Although LMW heparins have previously been tested for the secondary prevention of stroke, none of the patients evaluated had atrial fibrillation, a condition that increases the risk for ischemic stroke. Researchers in Norway decided, therefore, to put this type of anticoagulant to the test against aspirin, which has been found useful for the secondary prevention of stroke in patients with atrial fibrillation.

Within 30 hours of the onset of stroke caused by a decrease in blood supply, 449 adults with atrial fibrillation at 45 medical centers were randomly assigned to receive one of two treatments: 100 IU/kg of dalteparin by subcutaneous injection twice daily plus placebo tablets daily, or 160 mg of aspirin daily plus placebo injections twice daily.

During the first 14 days, a second stroke occurred at about the same rate in both treatment groups: 8.5 percent in the dalteparin group, and 7.5 percent in the aspirin group.
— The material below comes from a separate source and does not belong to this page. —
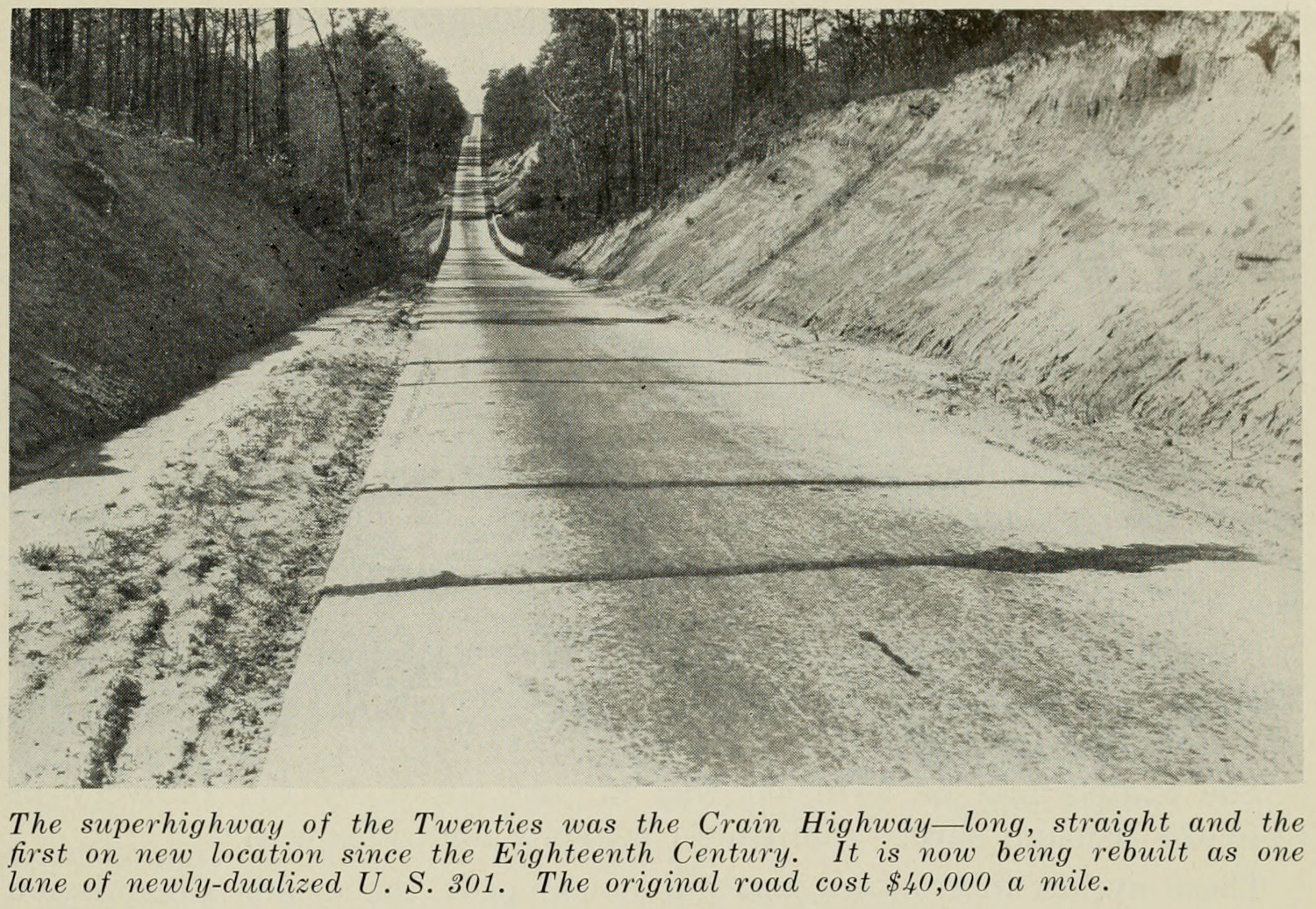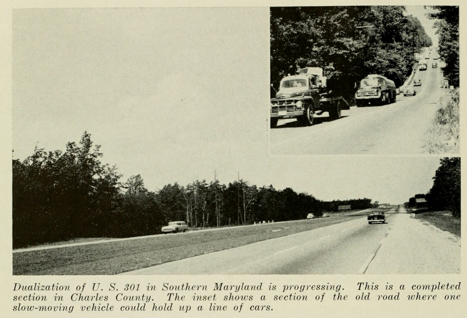 Some concerns remained about the southernmost stretches of the Crain Highway, between La Plata and Morgantown, as described in the 1938 study for the bridge (page 18):

Neurological and functional status of the patients in the two groups did not differ during this period.

All the patients were at least 44 years old, and half the patients in each group were at least 80 years old. Eighty percent of the patients continued their assigned treatment for 11 to 17 days.

Although this study, published in the April 8 issue of Lancet, sought to determine whether one agent outperformed the other at preventing a second stroke, the serious toll of the initial ischemic stroke on patients emphasizes the importance of primary prevention. About 65 percent of patients in both groups were dead or functionally dependent three months after the initial stroke. The American Society of Health-System Pharmacists recommends the routine use of an antithrombotic agent such as aspirin to prevent stroke in patients with chronic atrial fibrillation.

The researchers, whose study received financial support from the manufacturers of dalteparin and the aspirin product, advised that clinicians prescribe aspirin therapy for the first 14 days after a stroke and consider following up with a short-term regimen of low-dose LMW heparin to prevent venous thromboembolism. This latter recommendation comes not from observations in the present study but from the generally accepted value of heparins as protectants against venous thromboembolism in patients with acute stroke.